*DIRECTIONS*
Beginning with the line that has "Laissez-vous bercer par" and ending with the line that has "家裡有屬「雞、馬、兔、蛇」的", retype the entries below exactly, except for the pictures.

*RECORDS SHOWN*
..........
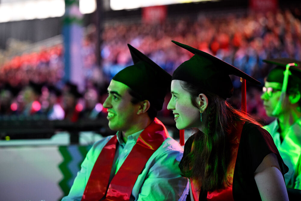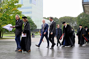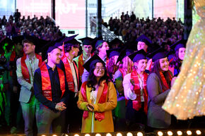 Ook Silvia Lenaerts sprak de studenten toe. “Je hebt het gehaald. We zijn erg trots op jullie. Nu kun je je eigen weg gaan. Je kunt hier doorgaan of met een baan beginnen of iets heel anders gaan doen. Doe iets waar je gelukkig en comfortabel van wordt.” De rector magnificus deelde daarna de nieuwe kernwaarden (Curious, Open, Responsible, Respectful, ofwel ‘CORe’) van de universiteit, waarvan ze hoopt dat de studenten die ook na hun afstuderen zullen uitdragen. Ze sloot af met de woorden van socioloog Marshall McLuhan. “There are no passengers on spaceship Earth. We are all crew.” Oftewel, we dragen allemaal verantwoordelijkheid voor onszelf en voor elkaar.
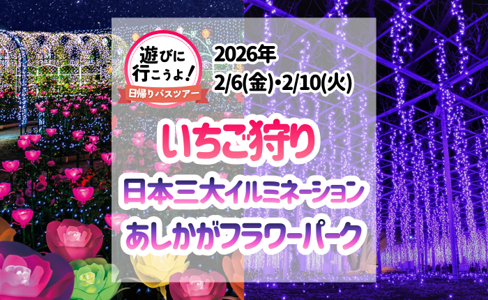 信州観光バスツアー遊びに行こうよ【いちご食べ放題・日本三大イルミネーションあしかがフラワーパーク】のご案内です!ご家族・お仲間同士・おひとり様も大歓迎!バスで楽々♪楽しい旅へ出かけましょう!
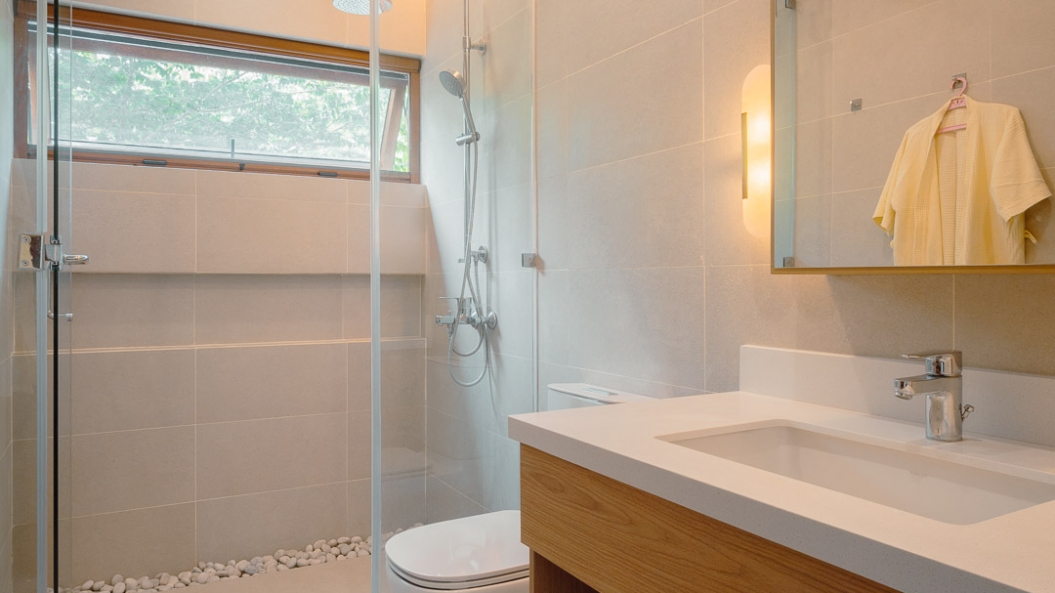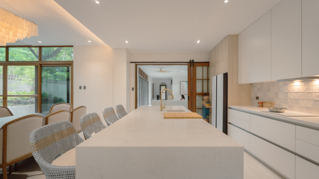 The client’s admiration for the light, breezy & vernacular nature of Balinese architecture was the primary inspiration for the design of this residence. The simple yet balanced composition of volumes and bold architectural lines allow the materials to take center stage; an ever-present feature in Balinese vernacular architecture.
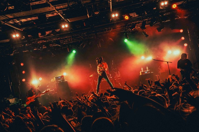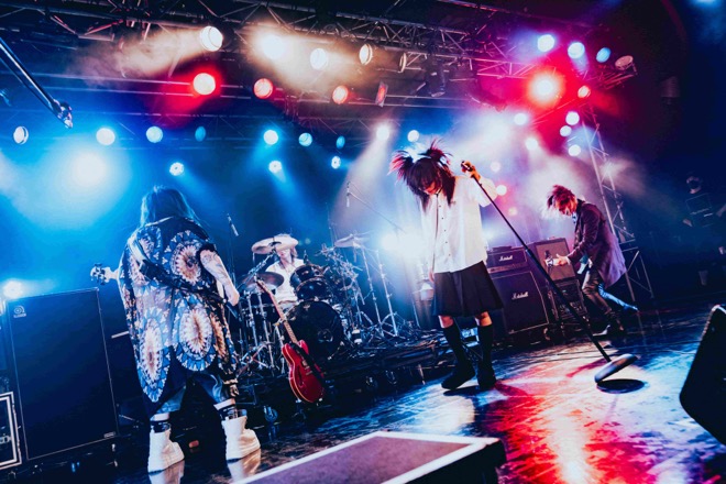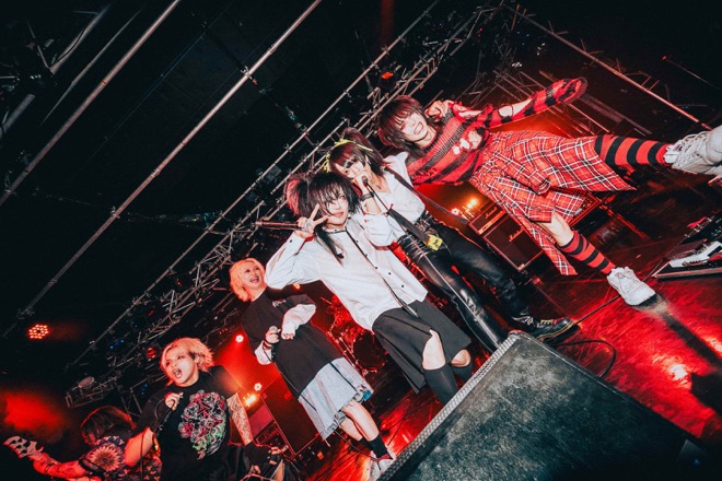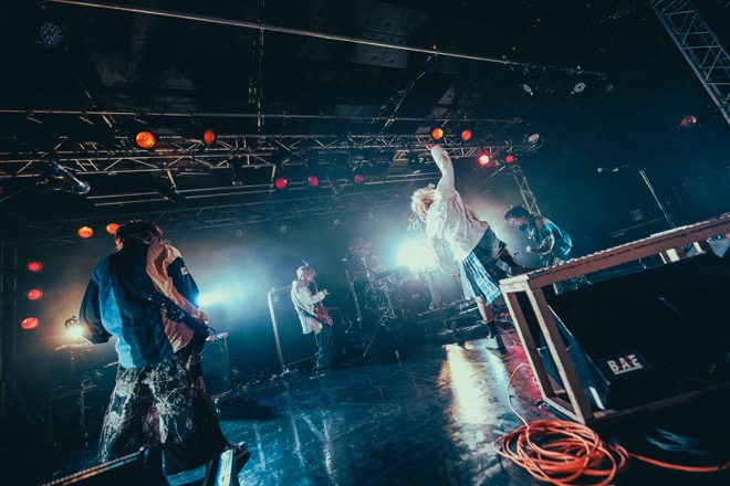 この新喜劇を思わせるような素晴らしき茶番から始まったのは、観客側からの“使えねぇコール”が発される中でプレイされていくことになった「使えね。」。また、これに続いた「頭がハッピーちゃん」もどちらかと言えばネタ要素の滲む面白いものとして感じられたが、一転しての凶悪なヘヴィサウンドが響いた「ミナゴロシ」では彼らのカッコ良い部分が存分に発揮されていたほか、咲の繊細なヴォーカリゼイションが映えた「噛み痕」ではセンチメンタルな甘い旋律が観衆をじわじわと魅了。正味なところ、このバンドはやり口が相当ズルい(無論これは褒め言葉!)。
..........
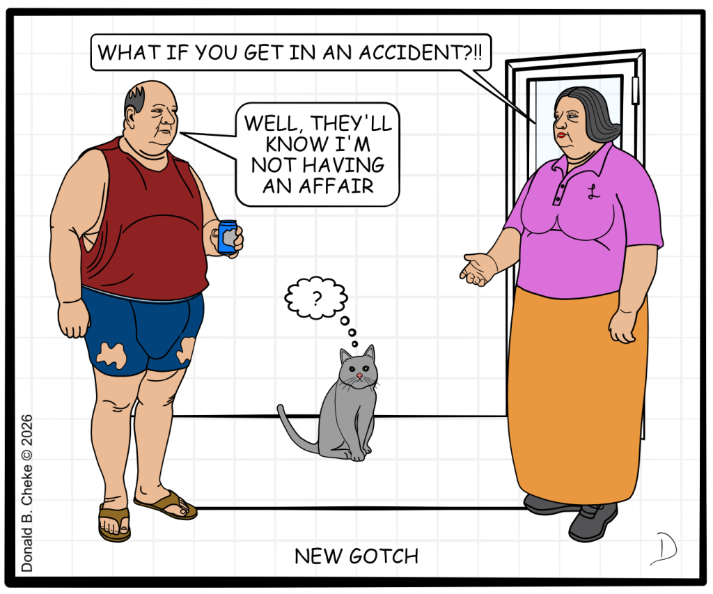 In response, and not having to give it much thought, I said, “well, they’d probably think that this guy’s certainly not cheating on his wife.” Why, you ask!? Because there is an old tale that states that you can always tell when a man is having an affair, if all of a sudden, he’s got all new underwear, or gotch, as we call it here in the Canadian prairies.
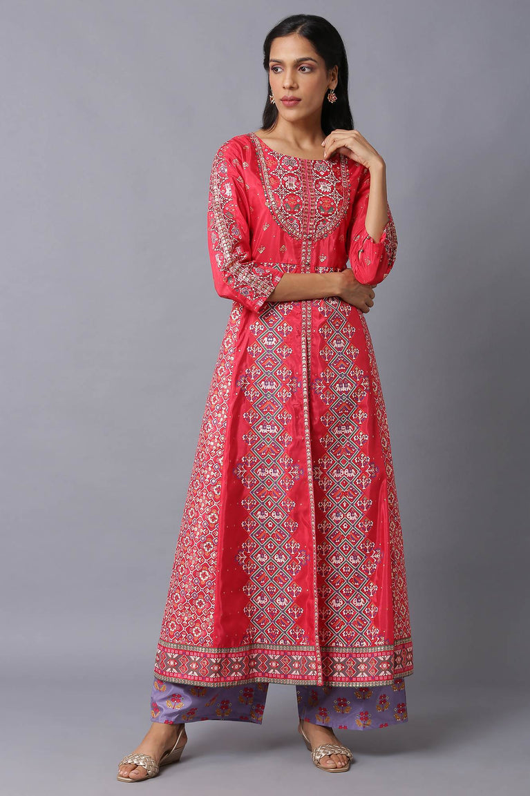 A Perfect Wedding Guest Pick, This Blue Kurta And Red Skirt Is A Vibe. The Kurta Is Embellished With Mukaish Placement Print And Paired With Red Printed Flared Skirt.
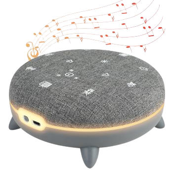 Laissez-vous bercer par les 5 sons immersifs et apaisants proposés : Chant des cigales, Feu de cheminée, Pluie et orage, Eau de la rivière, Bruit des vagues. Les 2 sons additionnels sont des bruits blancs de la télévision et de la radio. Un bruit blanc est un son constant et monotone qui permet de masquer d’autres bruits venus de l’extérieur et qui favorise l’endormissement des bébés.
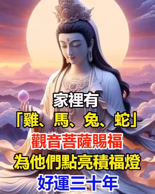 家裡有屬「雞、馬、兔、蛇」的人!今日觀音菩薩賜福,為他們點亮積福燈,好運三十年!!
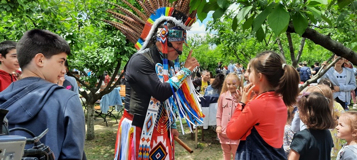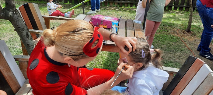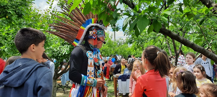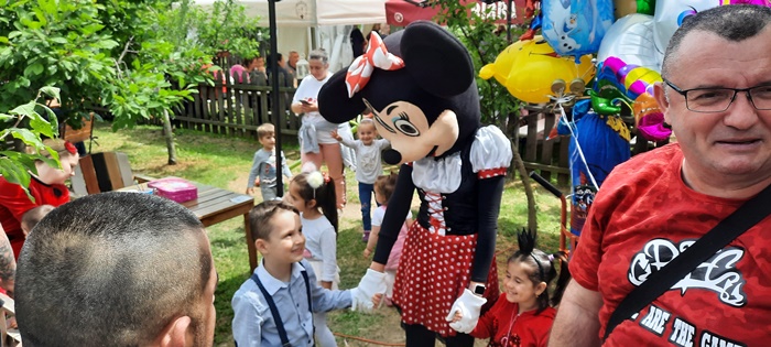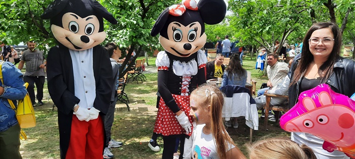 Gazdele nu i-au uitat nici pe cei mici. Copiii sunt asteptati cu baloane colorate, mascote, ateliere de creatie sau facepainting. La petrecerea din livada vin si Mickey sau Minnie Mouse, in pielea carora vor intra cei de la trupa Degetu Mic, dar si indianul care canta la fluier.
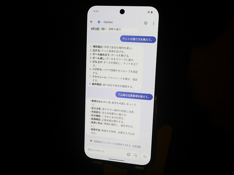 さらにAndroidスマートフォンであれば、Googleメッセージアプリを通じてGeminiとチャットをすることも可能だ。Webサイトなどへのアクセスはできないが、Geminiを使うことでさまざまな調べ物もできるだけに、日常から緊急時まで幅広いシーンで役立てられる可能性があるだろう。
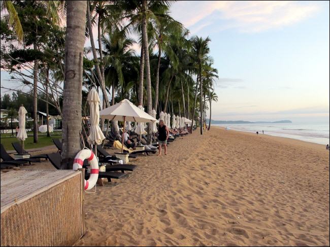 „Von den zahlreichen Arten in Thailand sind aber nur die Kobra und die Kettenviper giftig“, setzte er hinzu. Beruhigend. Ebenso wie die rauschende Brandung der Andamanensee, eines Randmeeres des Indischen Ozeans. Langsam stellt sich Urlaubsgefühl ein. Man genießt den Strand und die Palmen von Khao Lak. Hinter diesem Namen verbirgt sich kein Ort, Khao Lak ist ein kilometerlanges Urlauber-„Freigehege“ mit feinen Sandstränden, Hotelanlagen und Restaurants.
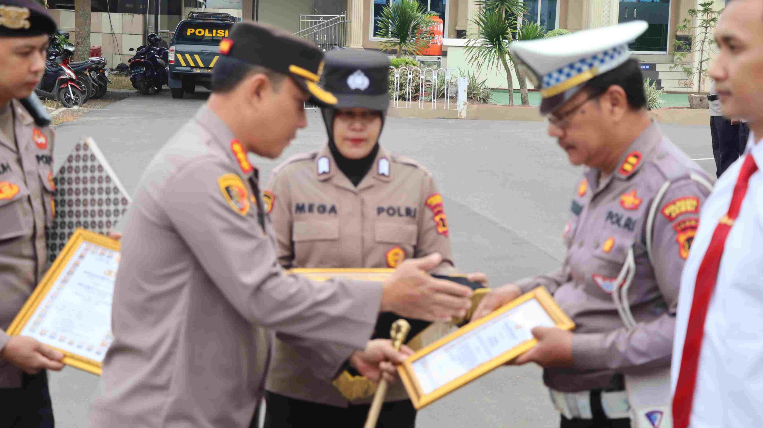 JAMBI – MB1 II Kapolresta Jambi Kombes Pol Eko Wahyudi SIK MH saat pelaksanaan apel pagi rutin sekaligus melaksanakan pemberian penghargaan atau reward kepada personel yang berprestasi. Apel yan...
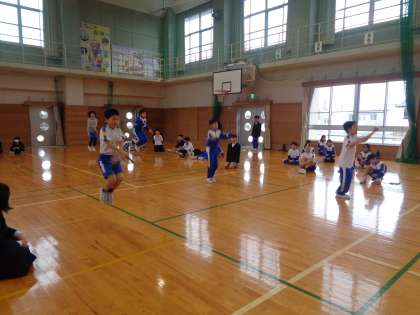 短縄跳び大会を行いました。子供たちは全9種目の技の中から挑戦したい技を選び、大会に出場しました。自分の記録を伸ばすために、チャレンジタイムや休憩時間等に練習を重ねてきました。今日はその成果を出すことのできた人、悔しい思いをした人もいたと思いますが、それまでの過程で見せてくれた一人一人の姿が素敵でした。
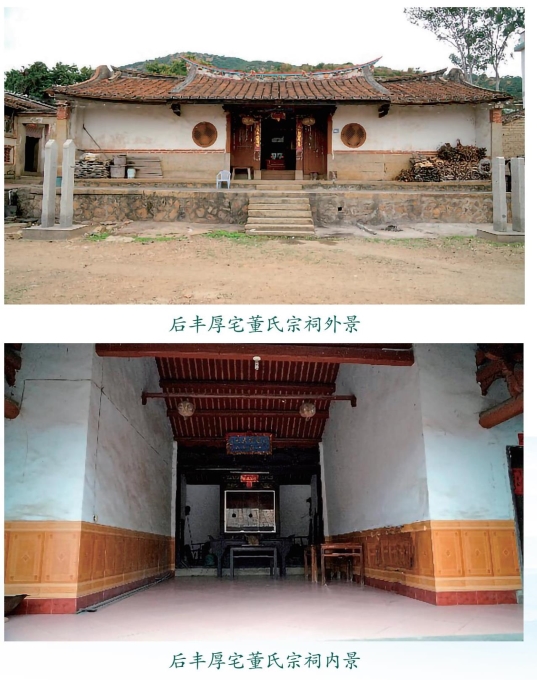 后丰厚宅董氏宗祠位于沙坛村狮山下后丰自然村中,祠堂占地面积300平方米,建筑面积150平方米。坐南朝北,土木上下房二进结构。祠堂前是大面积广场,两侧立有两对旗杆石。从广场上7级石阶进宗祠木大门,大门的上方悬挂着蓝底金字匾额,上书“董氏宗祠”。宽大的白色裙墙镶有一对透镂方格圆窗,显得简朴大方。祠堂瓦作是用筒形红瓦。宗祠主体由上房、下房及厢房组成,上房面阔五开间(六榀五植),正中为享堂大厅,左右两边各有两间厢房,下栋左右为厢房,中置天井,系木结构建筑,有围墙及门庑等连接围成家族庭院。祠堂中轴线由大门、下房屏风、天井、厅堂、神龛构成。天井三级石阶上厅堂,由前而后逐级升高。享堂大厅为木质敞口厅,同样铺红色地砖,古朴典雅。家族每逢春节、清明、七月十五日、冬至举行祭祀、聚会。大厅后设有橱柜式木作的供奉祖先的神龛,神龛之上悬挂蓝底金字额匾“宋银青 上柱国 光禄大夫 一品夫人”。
..........
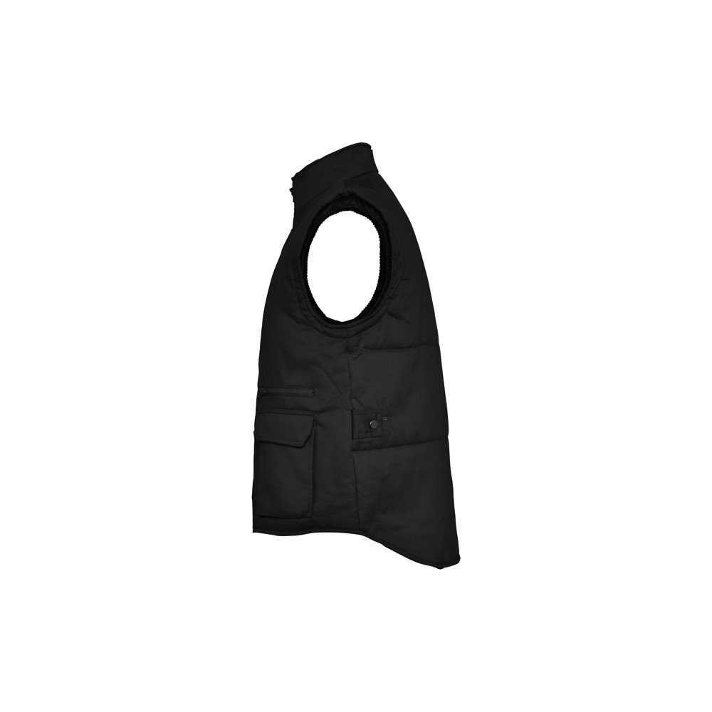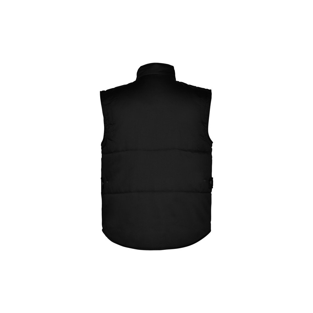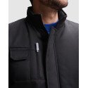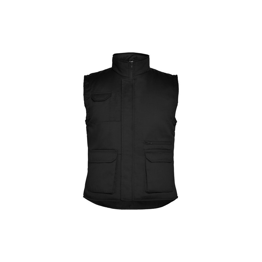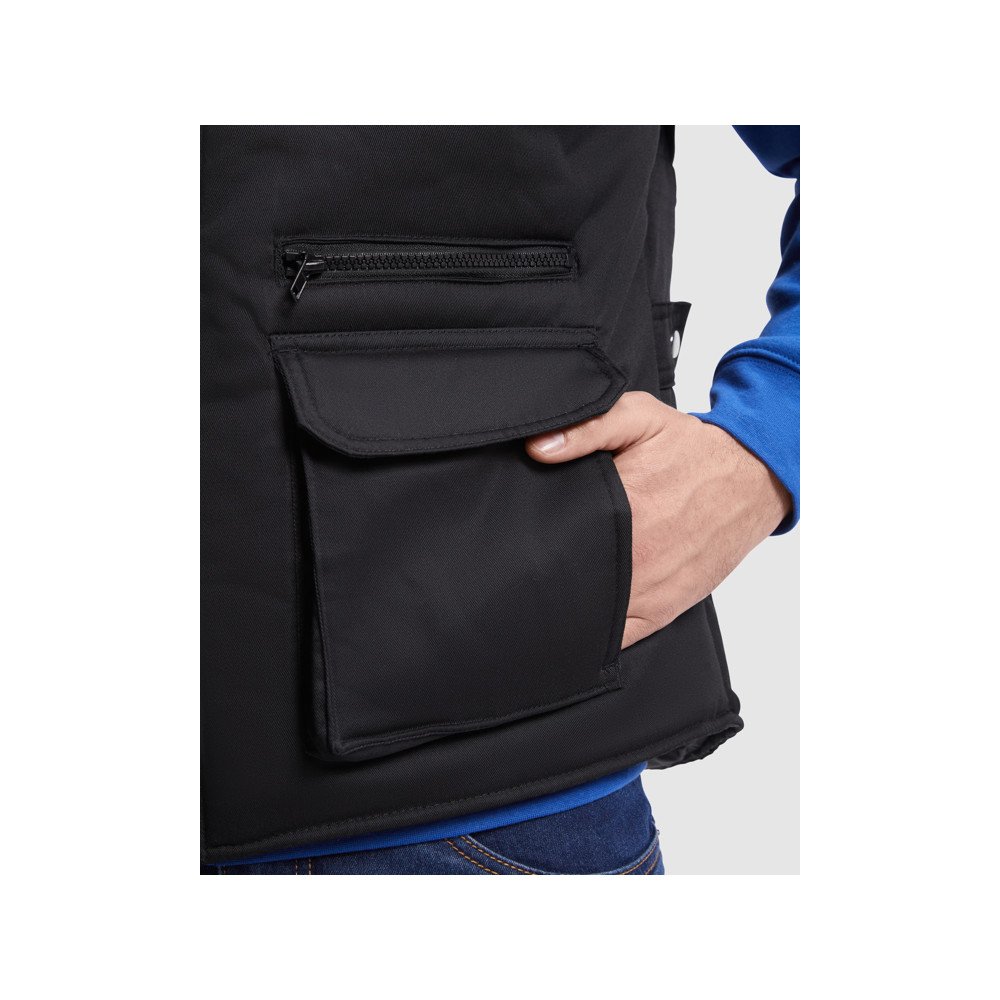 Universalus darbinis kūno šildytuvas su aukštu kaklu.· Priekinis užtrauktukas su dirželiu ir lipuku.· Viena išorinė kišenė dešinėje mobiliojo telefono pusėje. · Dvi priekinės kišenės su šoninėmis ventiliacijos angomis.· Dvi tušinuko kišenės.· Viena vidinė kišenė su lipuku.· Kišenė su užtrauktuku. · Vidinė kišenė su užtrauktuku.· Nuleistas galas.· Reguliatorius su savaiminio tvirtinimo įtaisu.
..........
*RESPONSE BOX*
 Laissez-vous bercer par les 5 sons immersifs et apaisants proposés : Chant des cigales, Feu de cheminée, Pluie et orage, Eau de la rivière, Bruit des vagues. Les 2 sons additionnels sont des bruits blancs de la télévision et de la radio. Un bruit blanc est un son constant et monotone qui permet de masquer d’autres bruits venus de l’extérieur et qui favorise l’endormissement des bébés.
 家裡有屬「雞、馬、兔、蛇」的人!今日觀音菩薩賜福,為他們點亮積福燈,好運三十年!!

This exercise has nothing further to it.